Provided entries →
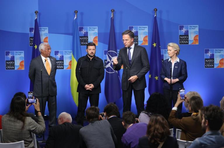 6月24日,在荷蘭海牙,歐洲理事會主席科斯塔、烏克蘭總統(tǒng)澤連斯基、北約秘書長呂特和歐盟委員會主席馮德萊恩(從左至右)在北約峰會期間共見記者。新華社記者 趙丁喆 攝
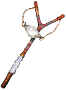 Puedes lanzar piedras normales con un bastón honda mediano, pero las piedras no son tan densas o tan redondas como las balas. Así, un ataque de ese tipo inflige daño como si el arma hubiera sido diseñada para una criatura de una categoría de tamaño más pequeña que la tuya, y sufres un penalizador -1 a las tiradas de ataque.
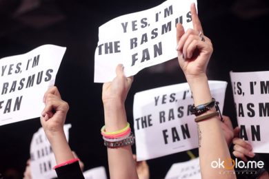 Именно поэтому концерт начался с песни из далекого начала нулевых «F-F-F-Falling», именно начиная с этой песни началась полная отдача не только от самой группы, но и фанатского сектора. Еще не прозвучало первое слово песни, как вверх взмыли десятки белых листов с надписью «Я фанат Расмус».
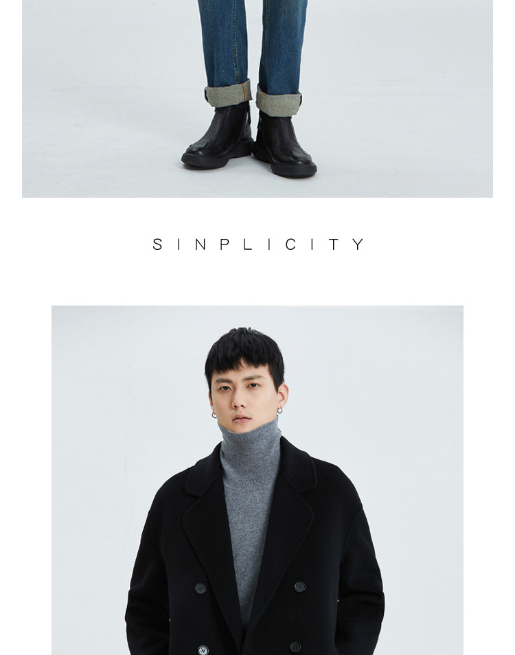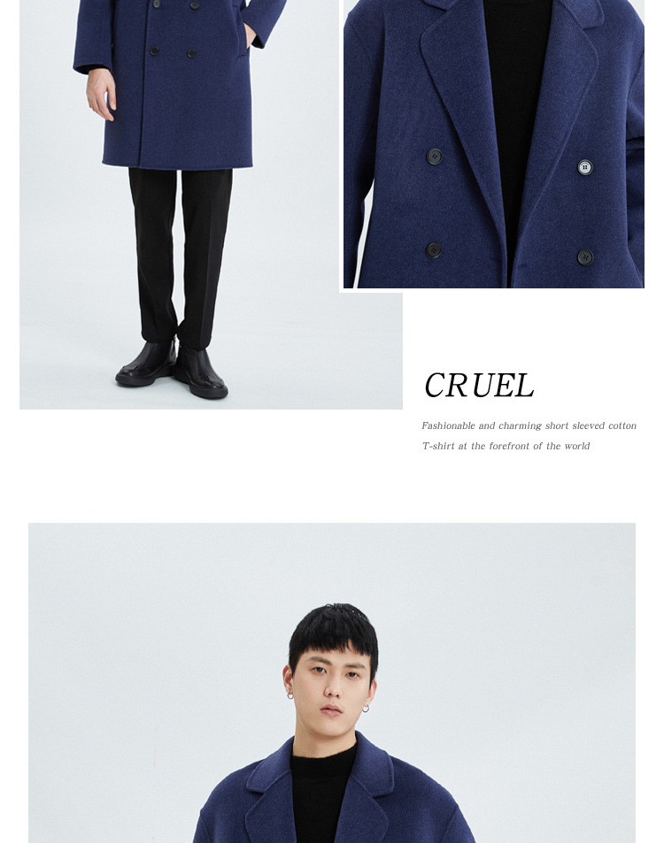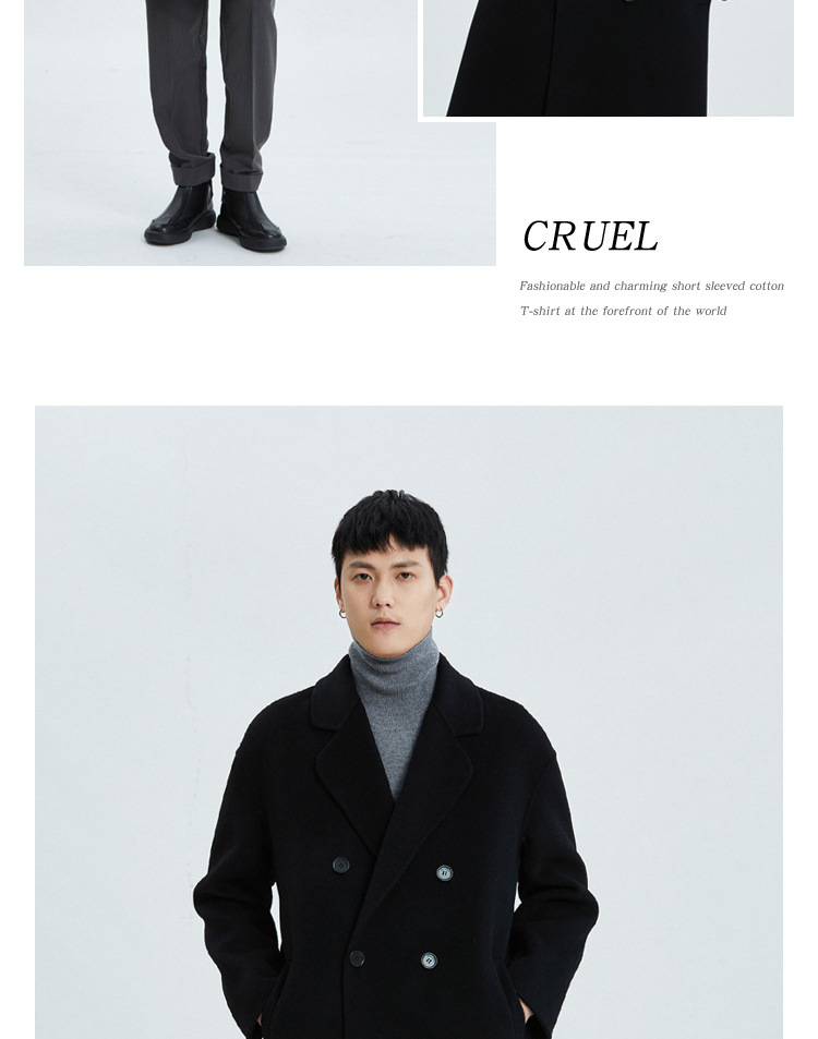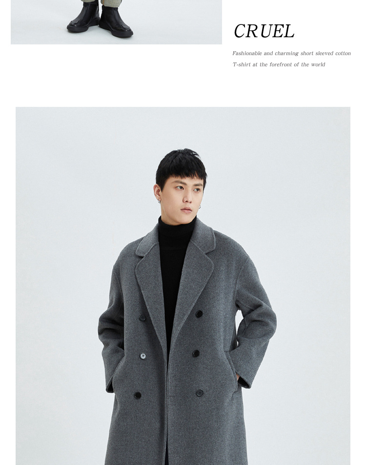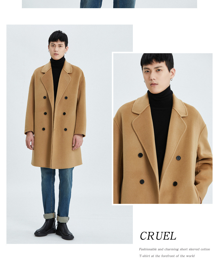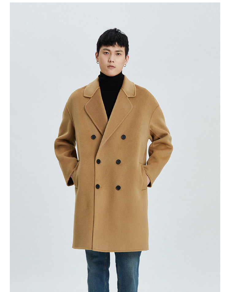 가을과 겨울 양면 캐시미어 코트 남성용 느슨한 다운 숄더 더블 브레스트 울 코트 안티 시즌 미드 길이 코트
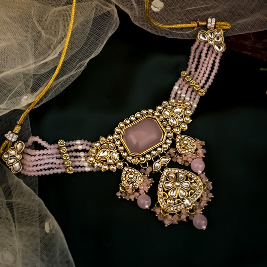 Shriya Kundan Choker Necklace Set - Pastel Pink

Work item →
Return all of the material above unchanged, minus its pictures.

Answer to this task →
 6月24日,在荷蘭海牙,歐洲理事會主席科斯塔、烏克蘭總統(tǒng)澤連斯基、北約秘書長呂特和歐盟委員會主席馮德萊恩(從左至右)在北約峰會期間共見記者。新華社記者 趙丁喆 攝
 Puedes lanzar piedras normales con un bastón honda mediano, pero las piedras no son tan densas o tan redondas como las balas. Así, un ataque de ese tipo inflige daño como si el arma hubiera sido diseñada para una criatura de una categoría de tamaño más pequeña que la tuya, y sufres un penalizador -1 a las tiradas de ataque.
 Именно поэтому концерт начался с песни из далекого начала нулевых «F-F-F-Falling», именно начиная с этой песни началась полная отдача не только от самой группы, но и фанатского сектора. Еще не прозвучало первое слово песни, как вверх взмыли десятки белых листов с надписью «Я фанат Расмус».
 가을과 겨울 양면 캐시미어 코트 남성용 느슨한 다운 숄더 더블 브레스트 울 코트 안티 시즌 미드 길이 코트
 Shriya Kundan Choker Necklace Set - Pastel Pink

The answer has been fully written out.